Ich konnte ihm Präventionsstrategien mitgeben, also viel Bewegung, die richtige Nahrung usw. Aber mein Vater war sowieso immer ein sportlicher Mensch, der auf sich geachtet hat. Das kommt ihm jetzt zugute.

Haben Sie denn gemerkt, dass mit ihm etwas nicht stimmt?

Meine Mutter hat es als erste bemerkt. Er hat wie gesagt eine sehr hohe kognitive Reserve, so dass die Demenz erst spät klinisch manifest wurde. Er hat sich lange gewehrt gegen eine Untersuchung. Sehr schwierig wurde es, ihm den Führerschein wegzunehmen. Das Gleiche erlebe ich übrigens auch bei meinen Patienten. Alle in der Familie hatten Angst, mit im Auto zu fahren.

Haben Sie als Alterspsychiater einen lockereren Umgang mit dem eigenen Altern?

Ich negiere das ein bisschen. Es hilft sicher, dass heutzutage viele ältere Menschen im hohen Alter weiterhin fit sind, die offizielle Altersgrenze ist aber immer noch bei 65. Und das ist bald. Ich weiss, dass ich mehr Sport machen müsste, aber unter der Woche ist das einfach schwierig. Ich darf nicht so viel essen, wie ich möchte. Aber ich bin sehr kreativ und intellektuell sehr herausgefordert – das hilft vielleicht auch, das Altern zu verlangsamen.

Was machen Sie Kreatives?

Ich bin sehr an Kunst interessiert, schreibe viele Artikel und halte Vorträge. Auch die Spitalleitung ist in gewisser Weise ein kreativer Akt.

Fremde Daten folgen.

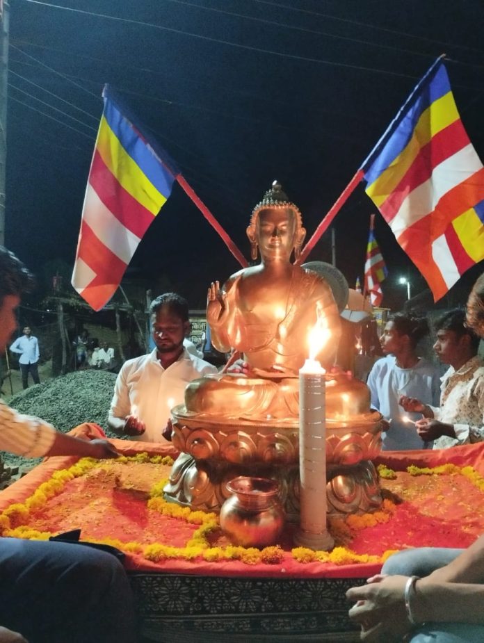 यावेळी विहारापासून ते गावातील मुख्य रस्त्याने तथागतच्या बुद्ध मूर्तीसह जयघोष करत,हातात मेणबत्ती पकडून शांततामय मिरवणूक सुगतकुटी कडे मार्गक्रमण करण्यात आले.
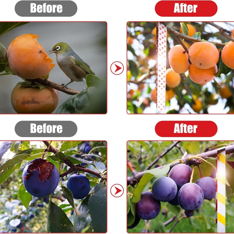 APPLICATIONS POLYVALENTES - Idéal pour une utilisation dans les jardins, les fermes, les patios et les vergers, ce ruban anti-oiseaux est parfait pour protéger les fruits, les légumes et les plantes ornementales contre les dommages.
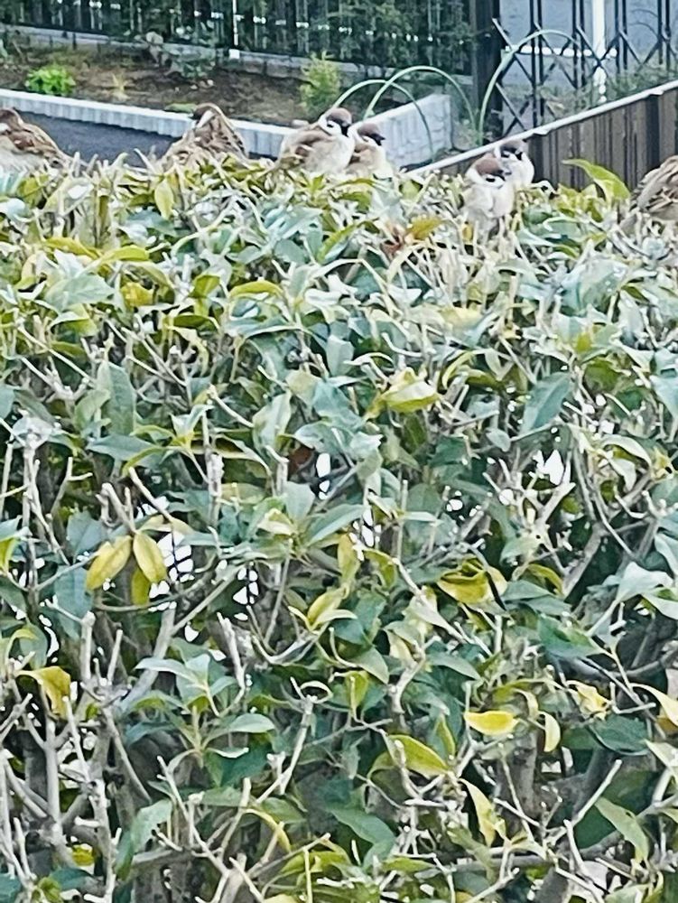2階の窓からしか見えないスズメ🐧のミーティング(金木犀の天辺です、画像悪くてすみません)
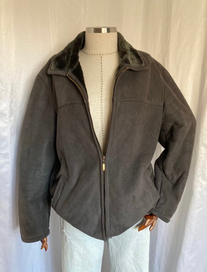 Gri süet dokulu, fermuarlı, yakalı kadın ceket. Salaş kesim, uzun kollu ve normal boyda, günlük kullanıma uygun rahat bir modeldir. İKİ CEPLİ İÇİ TÜYLÜ SÜET ÇEKET. Kusuru yok. S-M bedene uyumludur.
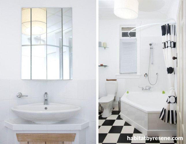 The bathroom was put together by Naomi, on what James describes as a “frankly laughably small budget”. The original had a chipped and stained iron bath and limited storage. The transformation, James says, “is a gorgeous bathroom, fit for a Remuera palace.”
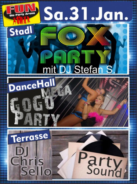 | Fox Party mit DJ Stefan S. Stadl: Fox Party mit DJ Stefan S. DanceHall: Mega GoGo Party Raucher Terrasse: Party Sound mit DJ Chris Sello |
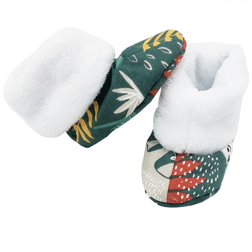 Ces chaussons hauts de naissance sont composés de deux types de tissus : un intérieur ultra doux et moelleux qui réchauffera les petits petons de bébé et un coté coton imprimé.

Sind Sie visuell veranlagt, da Sie Kunst mögen?

Ich bin tatsächlich ein sehr optisch und olfaktorisch orientierter Mensch. Gerüche sind für mich sehr wichtig. Ich mag die Reizüberflutung durch die Kunst. Das ist mein Weg, um abzuschalten, meine Art, auf eine andere Ebene zu kommen, auch gewisse Sachen zu lockern, damit man die Dinge neu ordnen kann. Das ist eine Strategie, die ich mir angeeignet habe. Deswegen bin ich auf diese optischen Reize aus, die ich dann auch aktiv suche.

Gehen Sie also ins Museum, wenn Sie einen schlechten Tag haben?

Genau. Oder ich schliesse mich zuhause ein und schaue mir viele Filme an (lacht).

Was ist der beste Tipp, den Ihnen jemand gegeben hat?

Mein erster Chef in der Biochemie in der Schweiz sagte zu mir: «Du darfst jeden Fehler machen, aber nicht zum zweiten Mal.» Das habe ich verinnerlicht.

Was machen Sie mit 65?

Wahrscheinlich werde ich dann in die Praxis gehen und mit einem 50%-Pensum weiterhin Patienten sehen. Und dann will ich gerne Spanisch lernen und vielleicht auch Kunstgeschichte an einer Seniorenuniversität studieren.